■ WHAT THE TASK REQUIRES
Each line from the top of the listing through the one holding "Min roll: rådgivning" should be restated word for word, with nothing added and no pictures.

■ EXTRACTED ENTRIES

= Beginning of Section =

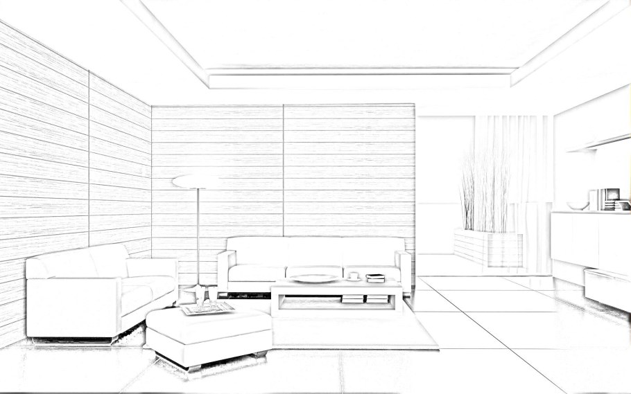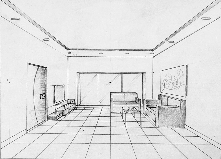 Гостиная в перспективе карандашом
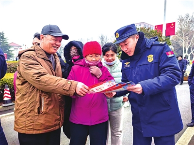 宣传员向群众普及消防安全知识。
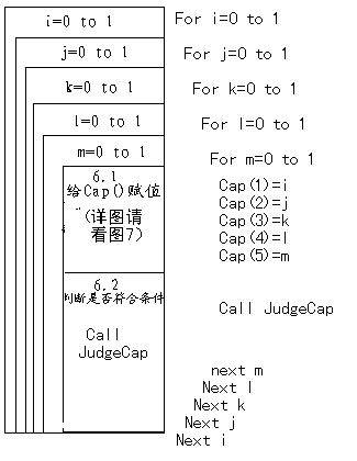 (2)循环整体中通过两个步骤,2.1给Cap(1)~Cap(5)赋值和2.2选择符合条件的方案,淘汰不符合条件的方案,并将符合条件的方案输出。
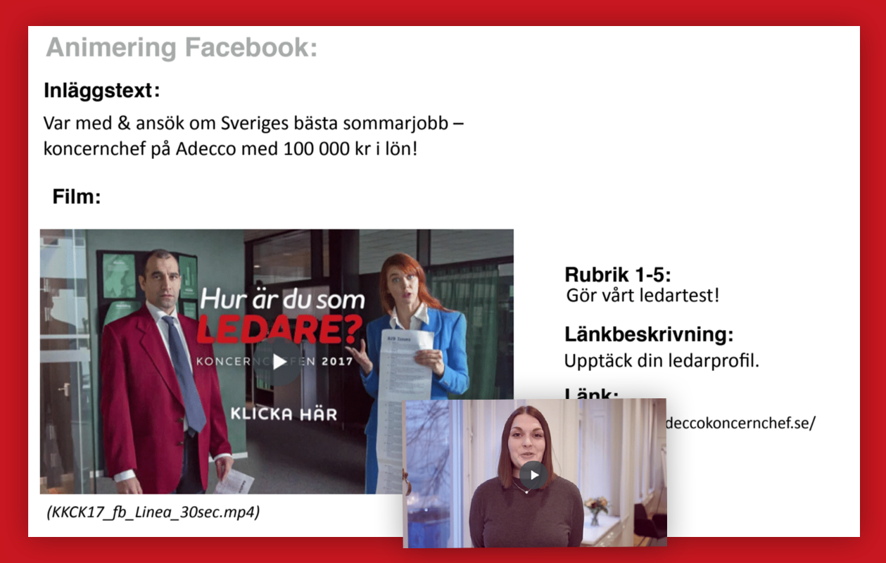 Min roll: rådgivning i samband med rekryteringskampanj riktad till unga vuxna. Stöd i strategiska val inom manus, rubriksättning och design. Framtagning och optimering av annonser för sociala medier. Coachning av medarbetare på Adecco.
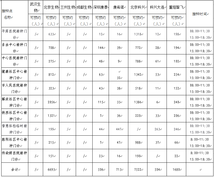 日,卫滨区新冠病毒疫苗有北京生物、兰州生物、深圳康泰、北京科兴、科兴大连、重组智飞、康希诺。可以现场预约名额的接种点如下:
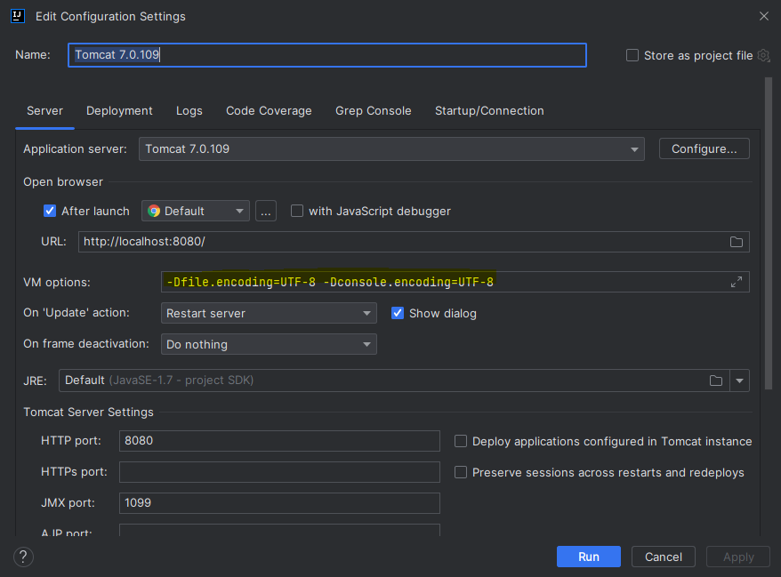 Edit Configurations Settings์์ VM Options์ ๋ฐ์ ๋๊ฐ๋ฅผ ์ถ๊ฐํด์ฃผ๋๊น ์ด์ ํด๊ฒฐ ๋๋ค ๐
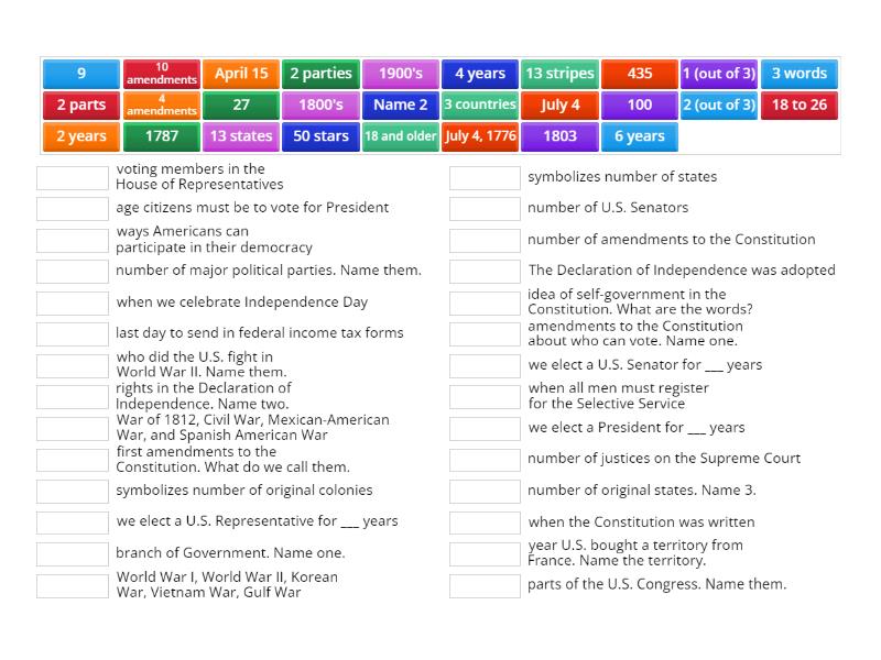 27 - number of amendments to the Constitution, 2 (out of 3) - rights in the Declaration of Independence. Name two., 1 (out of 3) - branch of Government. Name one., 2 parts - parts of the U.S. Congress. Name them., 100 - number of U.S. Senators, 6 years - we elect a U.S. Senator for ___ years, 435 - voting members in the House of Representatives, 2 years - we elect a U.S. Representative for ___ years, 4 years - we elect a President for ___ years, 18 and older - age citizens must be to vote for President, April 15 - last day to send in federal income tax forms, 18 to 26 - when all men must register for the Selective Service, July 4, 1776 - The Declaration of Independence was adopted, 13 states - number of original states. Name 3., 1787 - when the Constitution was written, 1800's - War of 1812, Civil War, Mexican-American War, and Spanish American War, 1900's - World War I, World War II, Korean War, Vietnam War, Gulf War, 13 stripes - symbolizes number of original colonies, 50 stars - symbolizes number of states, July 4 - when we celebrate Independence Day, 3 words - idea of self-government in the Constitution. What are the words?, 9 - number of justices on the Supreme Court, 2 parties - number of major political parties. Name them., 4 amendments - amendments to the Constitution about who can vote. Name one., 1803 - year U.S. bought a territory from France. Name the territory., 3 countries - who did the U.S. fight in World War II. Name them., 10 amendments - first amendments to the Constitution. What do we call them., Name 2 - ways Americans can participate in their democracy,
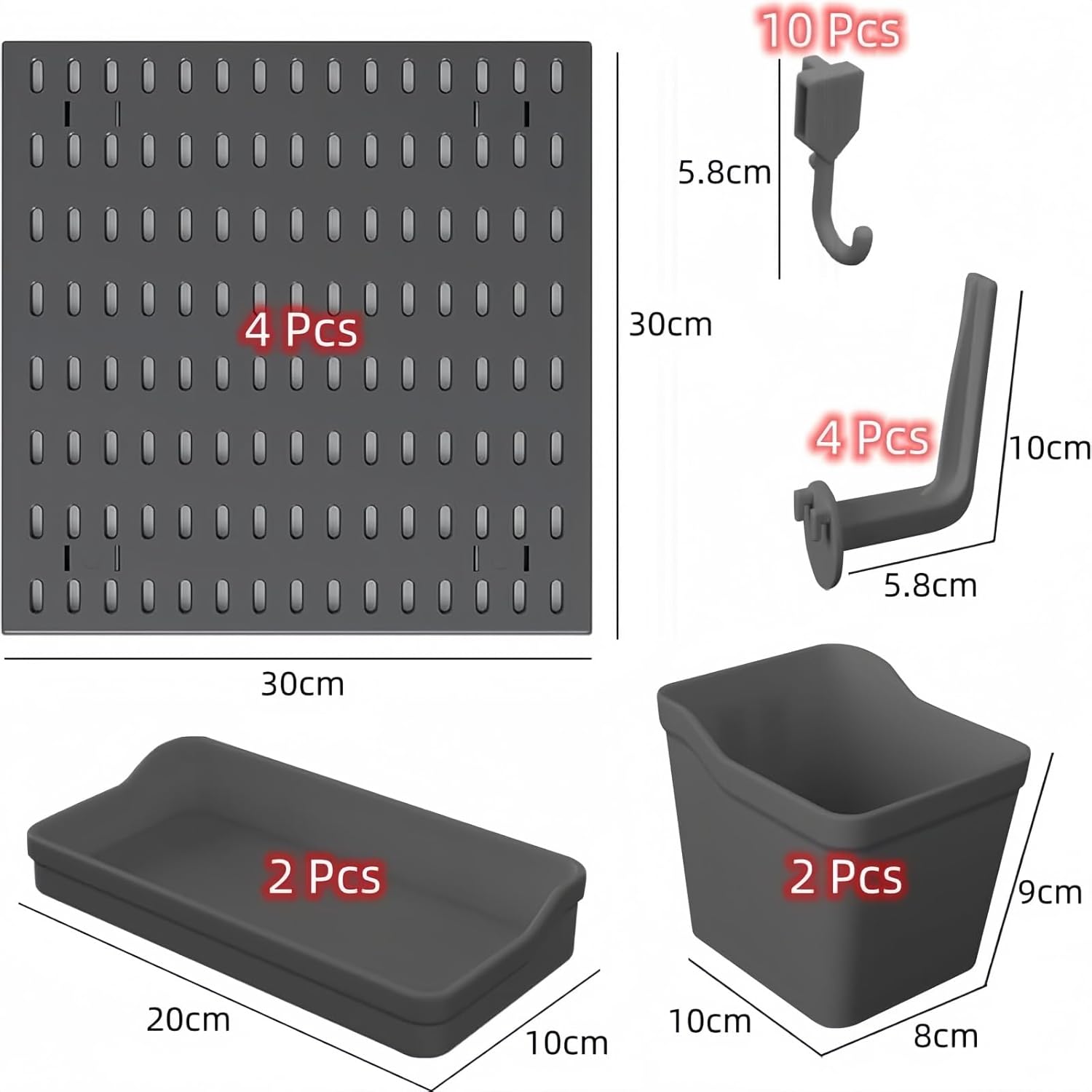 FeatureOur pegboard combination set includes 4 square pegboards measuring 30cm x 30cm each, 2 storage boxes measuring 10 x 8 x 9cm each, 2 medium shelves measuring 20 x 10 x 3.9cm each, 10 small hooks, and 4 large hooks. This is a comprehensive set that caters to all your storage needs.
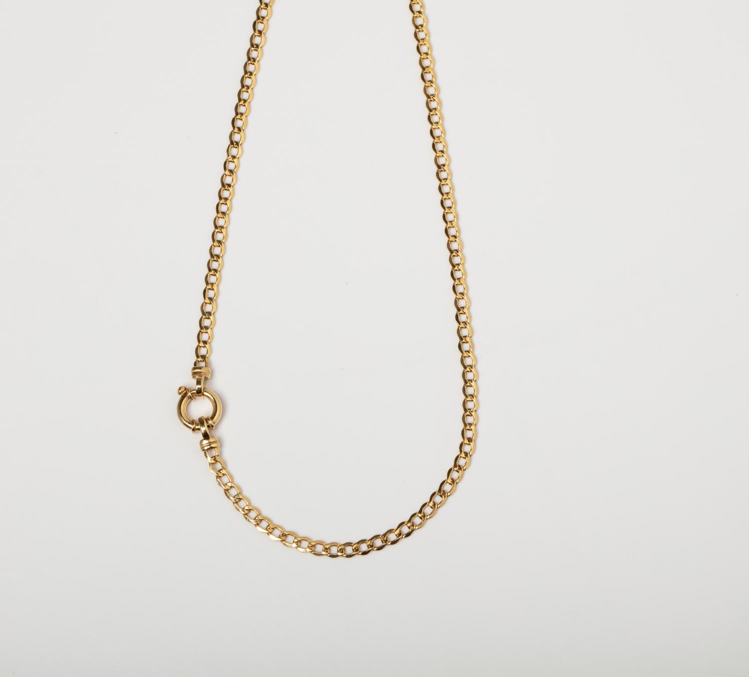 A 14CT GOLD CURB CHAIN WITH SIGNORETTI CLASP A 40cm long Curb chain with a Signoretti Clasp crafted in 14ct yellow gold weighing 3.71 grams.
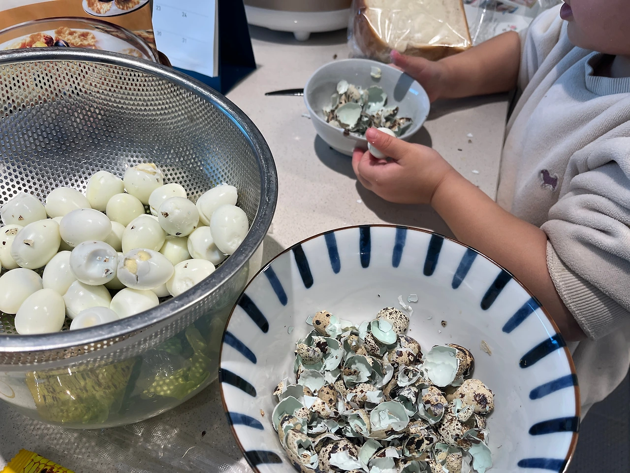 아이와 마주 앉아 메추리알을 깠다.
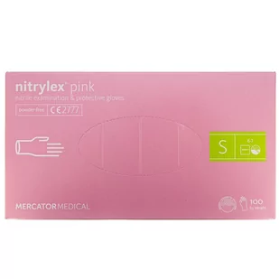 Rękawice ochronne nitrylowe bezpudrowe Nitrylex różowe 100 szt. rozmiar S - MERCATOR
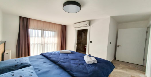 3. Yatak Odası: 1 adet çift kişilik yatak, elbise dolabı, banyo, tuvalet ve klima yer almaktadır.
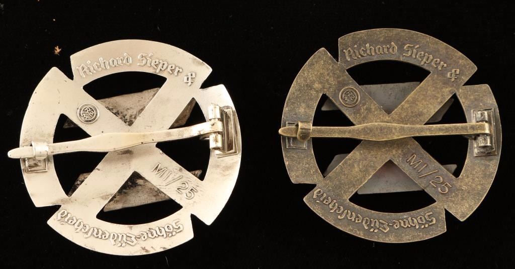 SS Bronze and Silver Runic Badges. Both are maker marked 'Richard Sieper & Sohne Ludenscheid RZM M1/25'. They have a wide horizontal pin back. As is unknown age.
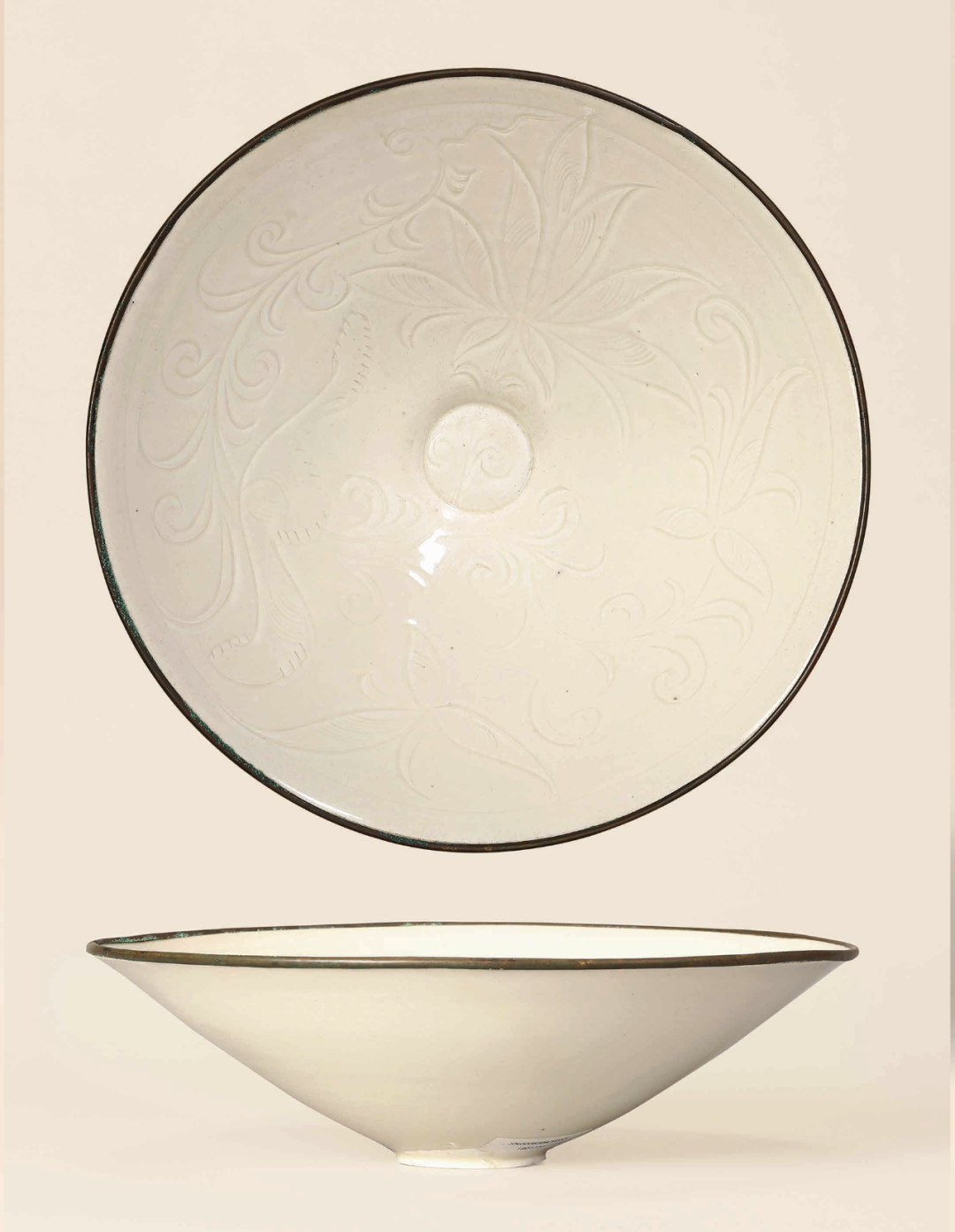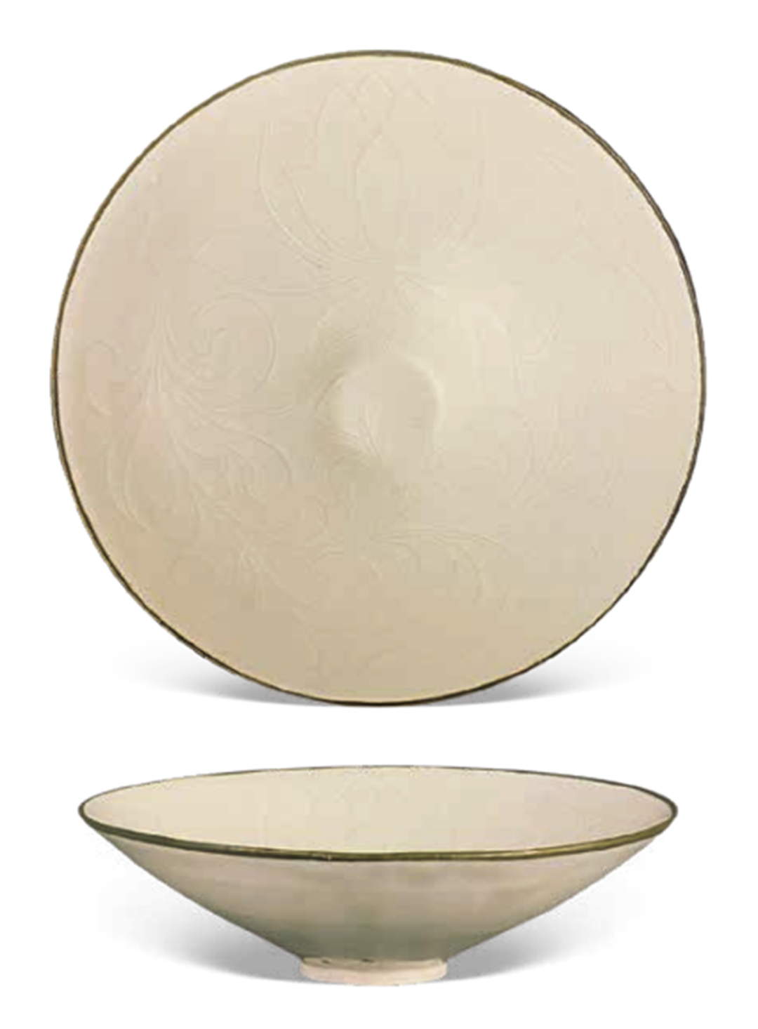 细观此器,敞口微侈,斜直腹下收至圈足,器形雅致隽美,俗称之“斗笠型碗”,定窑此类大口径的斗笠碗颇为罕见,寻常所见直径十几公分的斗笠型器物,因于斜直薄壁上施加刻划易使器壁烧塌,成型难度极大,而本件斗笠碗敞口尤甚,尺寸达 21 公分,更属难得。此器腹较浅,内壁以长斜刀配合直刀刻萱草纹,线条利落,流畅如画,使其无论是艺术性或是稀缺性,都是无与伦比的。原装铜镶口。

= End of Section =

■ REPLY TO THE TASK
 Гостиная в перспективе карандашом
 宣传员向群众普及消防安全知识。
 (2)循环整体中通过两个步骤,2.1给Cap(1)~Cap(5)赋值和2.2选择符合条件的方案,淘汰不符合条件的方案,并将符合条件的方案输出。
 Min roll: rådgivning i samband med rekryteringskampanj riktad till unga vuxna. Stöd i strategiska val inom manus, rubriksättning och design. Framtagning och optimering av annonser för sociala medier. Coachning av medarbetare på Adecco.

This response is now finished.